[Material supplied]:

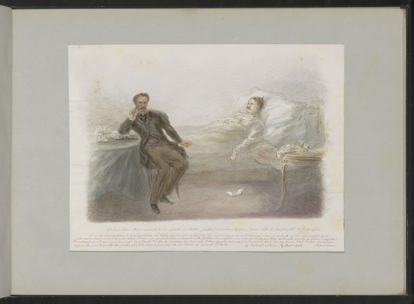 Curator: This 1896 print depicts a scene from Richard Wagner's opera, Das Rheingold. The print is a photographic reproduction, likely from an earlier painting illustrating the opera's narrative. It exemplifies how opera could extend its reach to a broader audience through reproduced imagery. What's your initial take? Editor: Dramatic! The contrast between the dark, anguished figure in the foreground and the ethereal, light-drenched maidens is really striking. I’m immediately drawn to the raw emotion conveyed by that central figure and its interaction with the rest of the picture. Curator: Right. It highlights the socio-political dynamics inherent in Wagner's Ring cycle, right? We see a figure, hunched, strained under pressure, in contrast with an apparent group of "privileged" nymphs, floating freely above in their otherworld. This image circulated widely, influencing the popular reception and understanding of Wagnerian themes of power, desire, and mythological conflict within the contemporary social climate. Editor: Interesting, the industrial printing processes really impact how accessible and widespread these kinds of depictions are, right? It democratizes access but also commodifies the high culture of opera, doesn't it? There’s a sense of labor implicit in the man but obscured by light for the women. What was lost and what was gained? Curator: Exactly! The image transforms into a marketable commodity, a symbol of cultural capital consumed by the burgeoning middle class. By studying this artwork, we understand not only the artistic choices, but also the complex social networks and forces through which artistic expressions take hold. Editor: So, a simple scene, photographically reproduced, reveals layers of the political climate of Wagner's influence, all through material access. I can walk away with more awareness than expected. Curator: Precisely, and seeing art this way, it feels even more pertinent and contemporary to issues of production, accessibility, and social messaging.
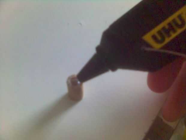 Tomar las dos más pequeñas piezas y rellenar con pegamento, para que los centros son totalmente herméticos.
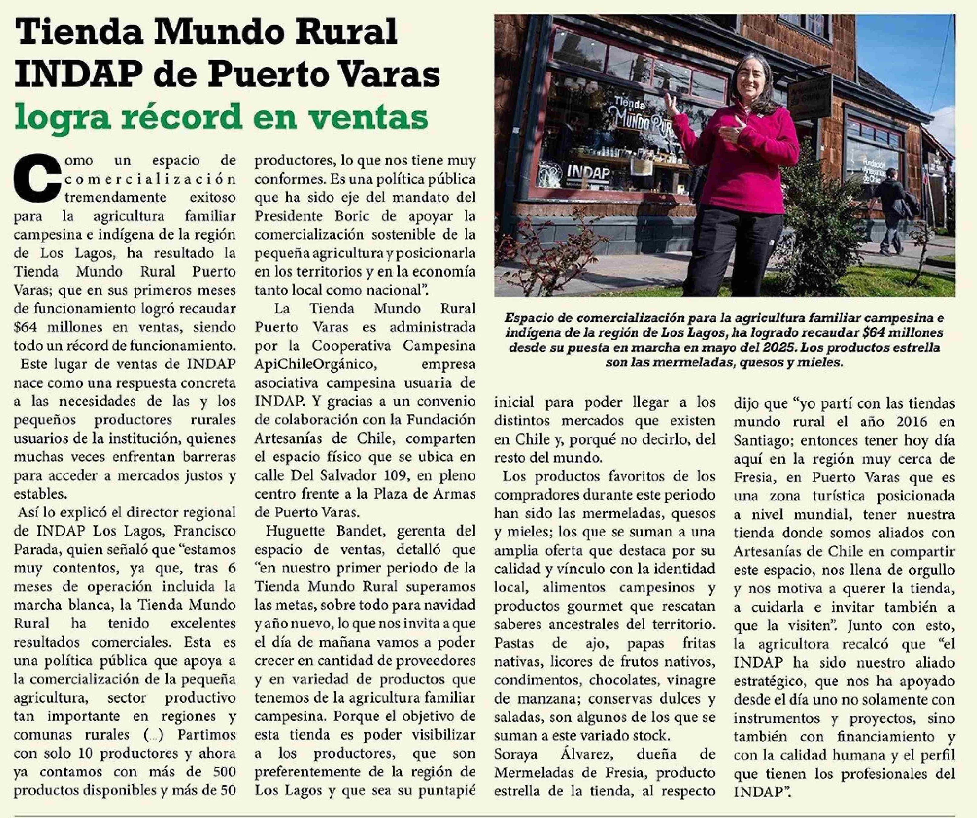 Tienda Mundo Rural INDAP de Puerto Varas logra récord en ventas
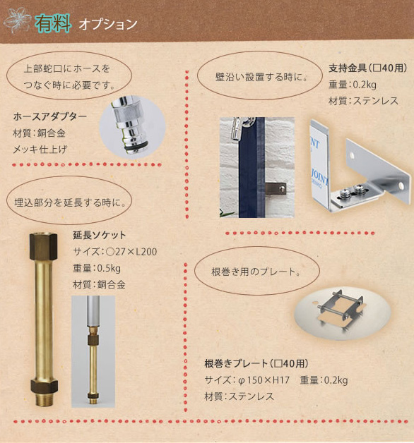 サイズ:本体/40角×H1018mm、フラワーハンドル/W65×D100×H110mm
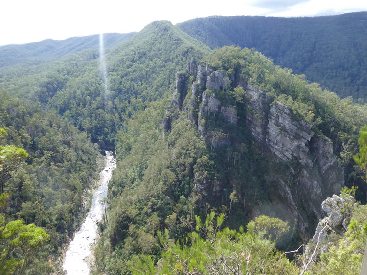 Tasmania Roadtrip - Alum CliffsAfter stopping for coffee at Mole Creek we did the nearby Alum Cliffs walk which is only 50 minute return. This is the amazing view you are rewarded with at the end of the track. That is the Mersey River again. We have been tracking it for a week it seems. Previous | Album | Next |

[How to complete this task]: From the records above, transcribe only the stretch from the line with "Tomar las dos" through the line with "サイズ:本体/40角×H10", keeping both ends. Omit pictures.

[Exercise output]:
 Tomar las dos más pequeñas piezas y rellenar con pegamento, para que los centros son totalmente herméticos.
 Tienda Mundo Rural INDAP de Puerto Varas logra récord en ventas
 サイズ:本体/40角×H1018mm、フラワーハンドル/W65×D100×H110mm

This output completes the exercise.